# Amazon will now deliver to your car trunk!



## The Hooded Claw (Oct 12, 2009)

http://money.cnn.com/2018/04/24/technology/amazon-key-in-car-delivery-review/index.html

Only in certain cities, and you have to have a 2015 or newer car that is internet-connected. I can see this being useful for people who would otherwise see a package left on their porch!


----------



## Ann in Arlington (Oct 27, 2008)

From what I read it's only GM and Volvo cars . . . . but I guess it could expand. My new car is 'internet enabled' but it's a Kia.

Much less problematic than the 'deliver inside your house' deal -- lots less to be potentially compromised in a car. Except of course if you've put 'home' in your GPS and/or you have a garage door remote.


----------



## paladinx333 (Apr 25, 2018)

My only car is sitting in a storage lot in California. I am currently stranded (living) in Vermont. Amazon, please don't deliver any packages to my car's trunk!

lol

(Yes I read the article and no I don't care for the idea even if I owned a car that qualified.)


----------



## Ann in Arlington (Oct 27, 2008)

I can actually see it being a neat idea in some cases. The thing is, they talk about 'delivering to your trunk'. Sedans have trunks. SUVs don't. Even delivering to the hatch back gives the person access to the whole car, though presumably not to the starter.

That said . . I have zero worries about packages being delivered to my porch.


----------



## AmyD (Jun 13, 2018)

I don't care about delivery in car trunk and don't see much advantage. It may be useful if your house location is such that packages get stolen.


----------



## Atunah (Nov 20, 2008)

The day I have a car, new enough to be eligible for any of the new fandangled features, is the day we finally have flying cars. Here I thought I was doing great because I finally had a CD player in a car, and airbags.  

And if I ever could afford one of those shiny new things, the last thing I would do with it to give a stranger access to it.  

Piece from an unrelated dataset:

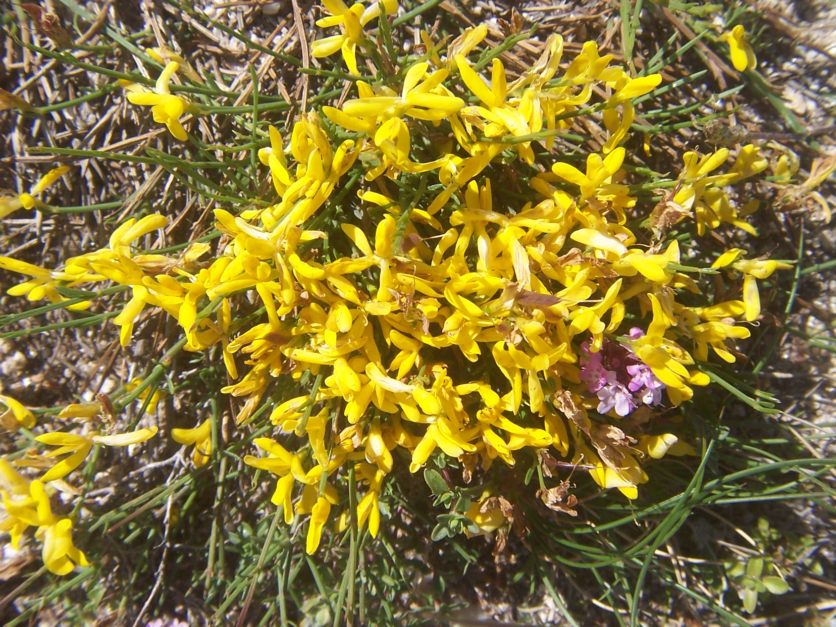 FIORI - sono raccolti in brevi racemi pedicellati e fogliosi, con una lunghezza variabile , con bratteole rossastre con calice liscio, colla gialla con un vessillo di 10mm o 12mm , con molti stami più bassi dello stimma. Fioritura: aprile - maggio

Packages on "porches" can be a challenge here. Lots of apartments. Most of the time they leave it at the leasing office, which means I have to hunt them down. But they do also leave them at the door. So far I been lucky, my neighbors not so much. But then thieves also take wheels of the cars in broad daylight around here and put them on bricks. Nothing is safe here.  Yet again a good thing my car is nothing fancy, nothing on or in it anyone wants.


----------